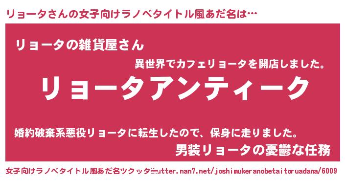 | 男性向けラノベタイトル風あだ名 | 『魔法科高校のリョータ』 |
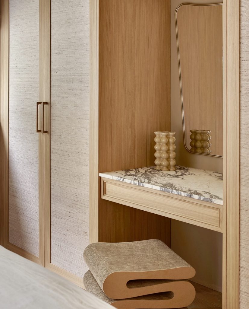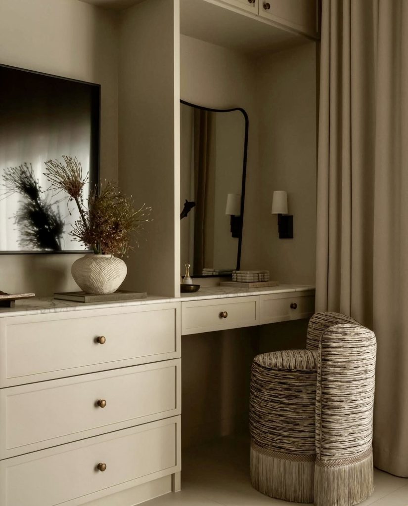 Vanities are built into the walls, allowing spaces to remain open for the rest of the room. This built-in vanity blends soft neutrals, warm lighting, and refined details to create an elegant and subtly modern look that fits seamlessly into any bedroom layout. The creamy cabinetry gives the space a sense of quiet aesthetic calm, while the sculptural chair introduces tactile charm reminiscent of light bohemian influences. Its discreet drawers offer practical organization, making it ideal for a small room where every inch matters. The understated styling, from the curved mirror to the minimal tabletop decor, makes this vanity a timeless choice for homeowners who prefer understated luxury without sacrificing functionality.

* * *

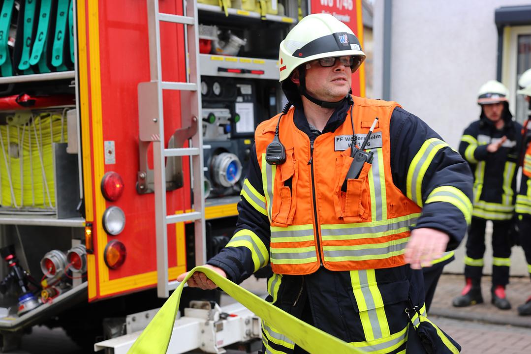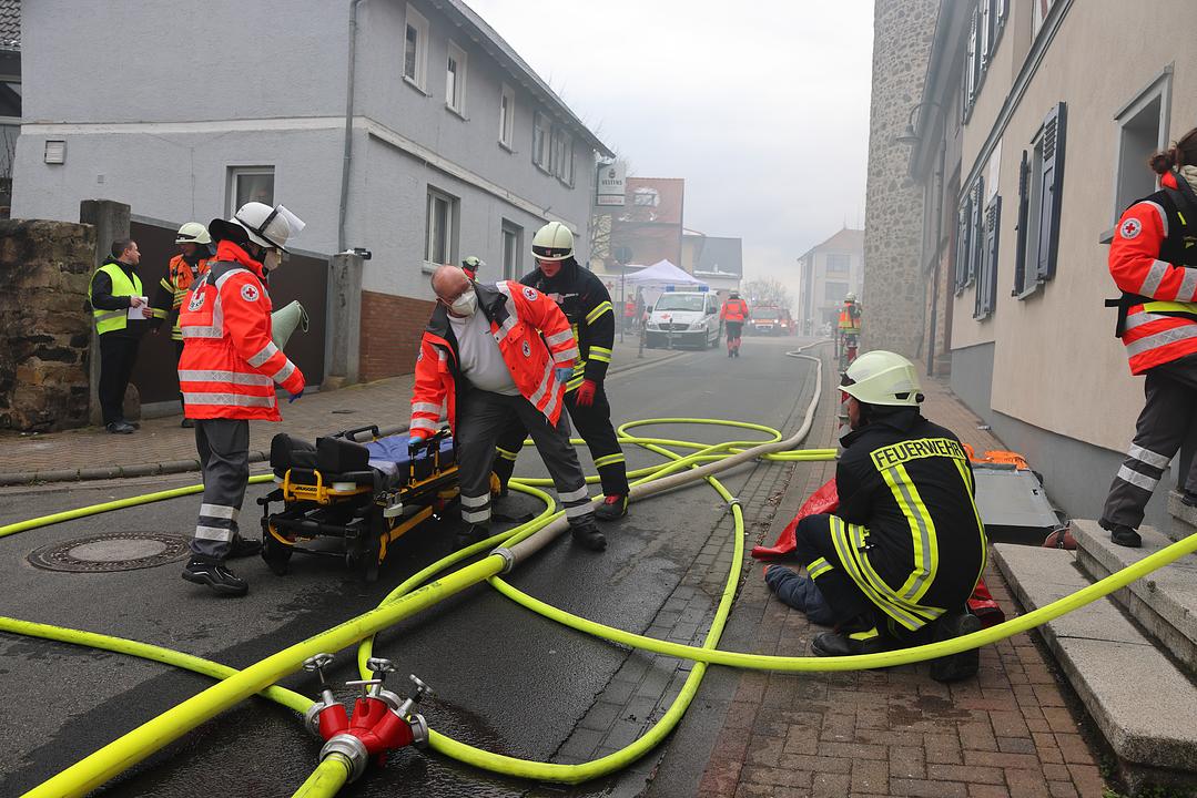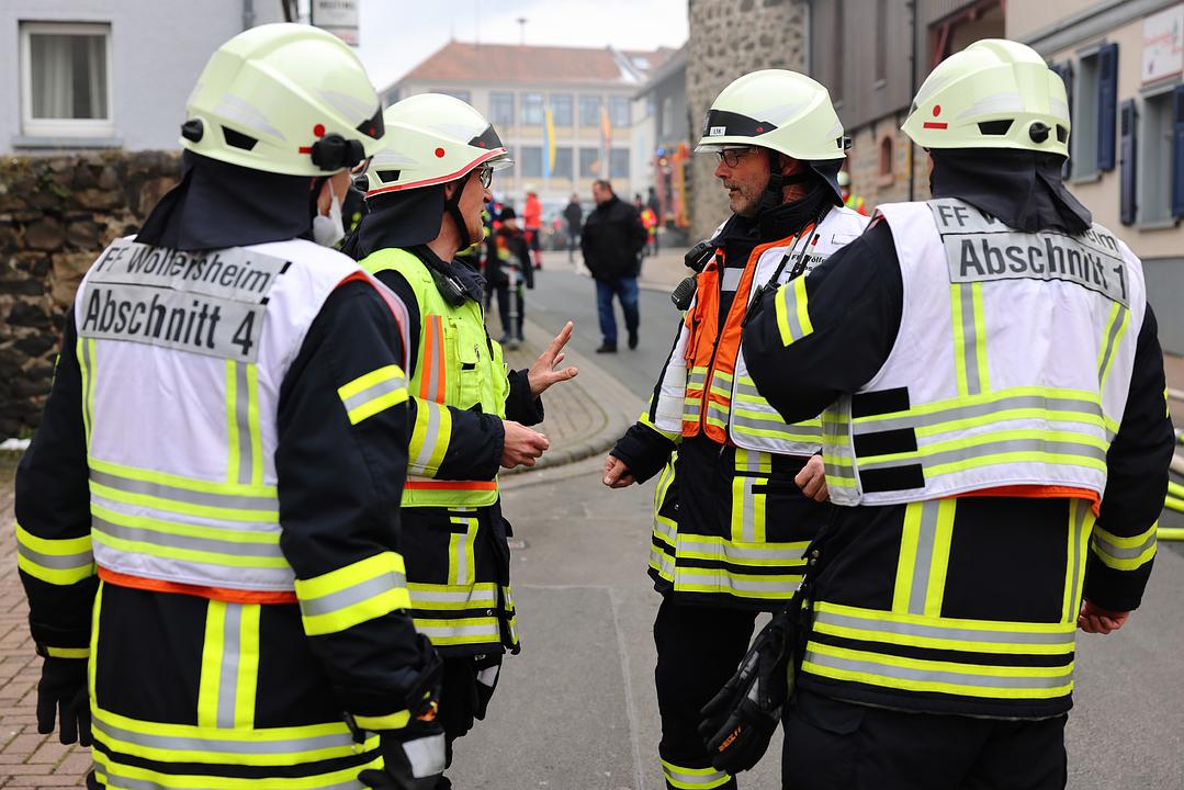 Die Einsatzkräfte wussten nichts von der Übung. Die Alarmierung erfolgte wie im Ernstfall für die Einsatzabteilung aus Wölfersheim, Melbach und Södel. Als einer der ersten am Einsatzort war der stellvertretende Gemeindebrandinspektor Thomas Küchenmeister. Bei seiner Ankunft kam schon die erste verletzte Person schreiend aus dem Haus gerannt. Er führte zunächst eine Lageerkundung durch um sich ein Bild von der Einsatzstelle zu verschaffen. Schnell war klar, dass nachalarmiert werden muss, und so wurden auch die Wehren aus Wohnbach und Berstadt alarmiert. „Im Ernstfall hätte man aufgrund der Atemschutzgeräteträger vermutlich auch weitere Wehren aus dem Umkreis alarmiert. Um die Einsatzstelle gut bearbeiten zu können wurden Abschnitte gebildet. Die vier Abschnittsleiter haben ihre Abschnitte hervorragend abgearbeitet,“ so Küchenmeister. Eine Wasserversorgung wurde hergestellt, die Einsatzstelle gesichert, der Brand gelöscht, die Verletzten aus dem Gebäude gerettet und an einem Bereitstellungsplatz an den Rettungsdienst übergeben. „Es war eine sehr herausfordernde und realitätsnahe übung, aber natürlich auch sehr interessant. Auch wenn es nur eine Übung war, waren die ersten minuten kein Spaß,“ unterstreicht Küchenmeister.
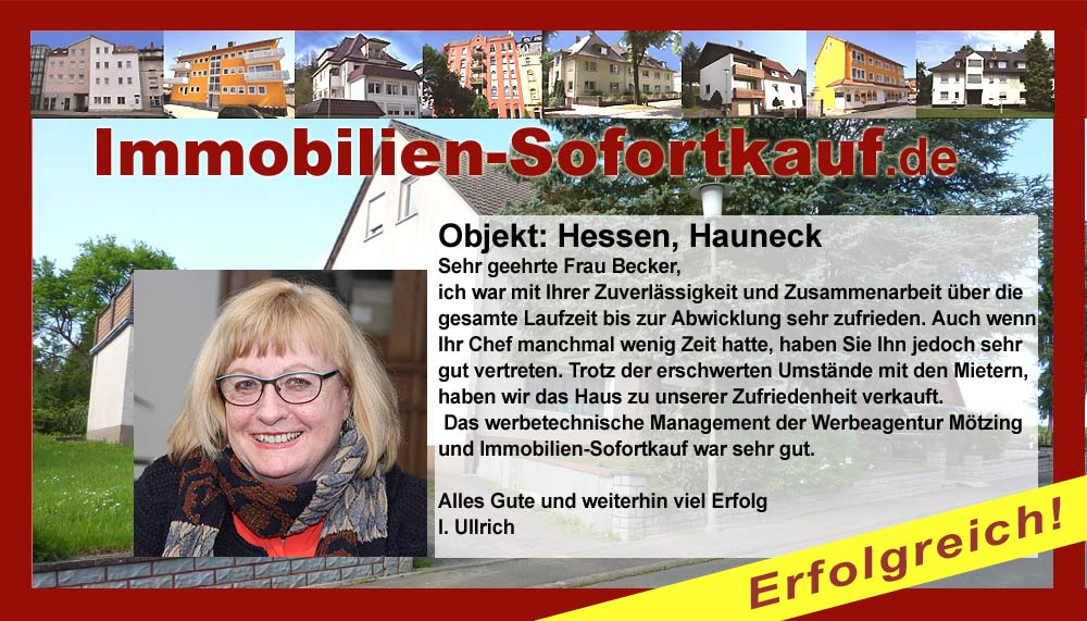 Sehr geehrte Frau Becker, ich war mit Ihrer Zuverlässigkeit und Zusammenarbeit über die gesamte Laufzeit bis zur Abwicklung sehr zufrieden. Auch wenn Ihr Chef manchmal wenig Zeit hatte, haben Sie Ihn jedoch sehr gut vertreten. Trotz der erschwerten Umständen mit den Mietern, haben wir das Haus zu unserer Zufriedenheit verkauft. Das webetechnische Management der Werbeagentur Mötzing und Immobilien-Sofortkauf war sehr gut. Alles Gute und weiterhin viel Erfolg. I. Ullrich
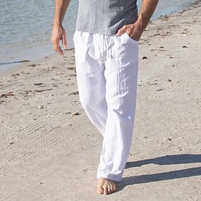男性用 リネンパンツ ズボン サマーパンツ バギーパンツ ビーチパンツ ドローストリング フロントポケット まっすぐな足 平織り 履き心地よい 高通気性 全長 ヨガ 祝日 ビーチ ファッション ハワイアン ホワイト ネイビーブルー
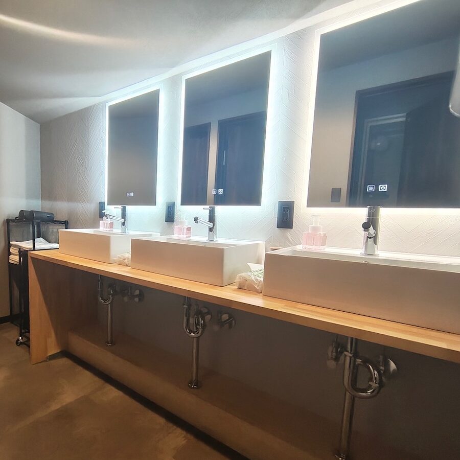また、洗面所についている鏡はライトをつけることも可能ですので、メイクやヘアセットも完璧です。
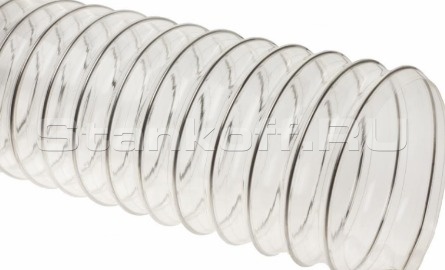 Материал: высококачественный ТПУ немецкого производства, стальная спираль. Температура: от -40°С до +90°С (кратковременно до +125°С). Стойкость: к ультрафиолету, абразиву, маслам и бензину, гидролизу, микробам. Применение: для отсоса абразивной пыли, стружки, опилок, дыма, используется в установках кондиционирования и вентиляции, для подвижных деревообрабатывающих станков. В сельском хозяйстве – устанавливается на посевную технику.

...

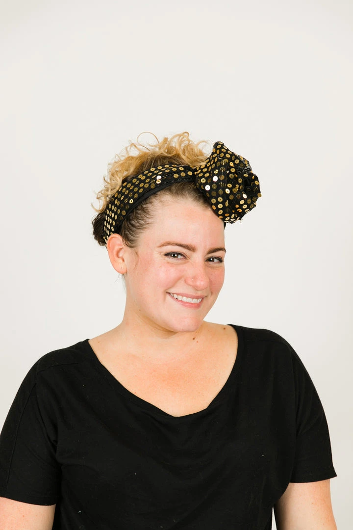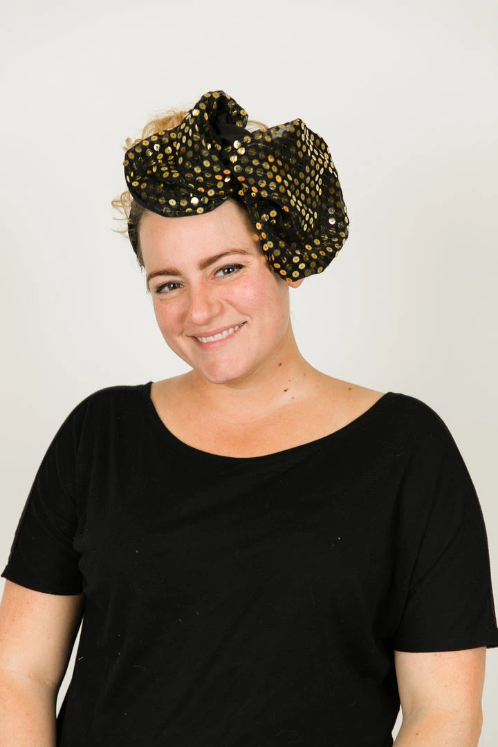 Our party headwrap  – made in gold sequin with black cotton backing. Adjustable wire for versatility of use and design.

→ Requirement: Look through the material above. Transcribe exactly the lines between the ones with "男性向けラノベタイトル風あだ名 | 『魔法科高校のリョータ』 |" and "Vanities are built", inclusive, and keep pictures out.

→ Written response:
 | 男性向けラノベタイトル風あだ名 | 『魔法科高校のリョータ』 |
 Vanities are built into the walls, allowing spaces to remain open for the rest of the room. This built-in vanity blends soft neutrals, warm lighting, and refined details to create an elegant and subtly modern look that fits seamlessly into any bedroom layout. The creamy cabinetry gives the space a sense of quiet aesthetic calm, while the sculptural chair introduces tactile charm reminiscent of light bohemian influences. Its discreet drawers offer practical organization, making it ideal for a small room where every inch matters. The understated styling, from the curved mirror to the minimal tabletop decor, makes this vanity a timeless choice for homeowners who prefer understated luxury without sacrificing functionality.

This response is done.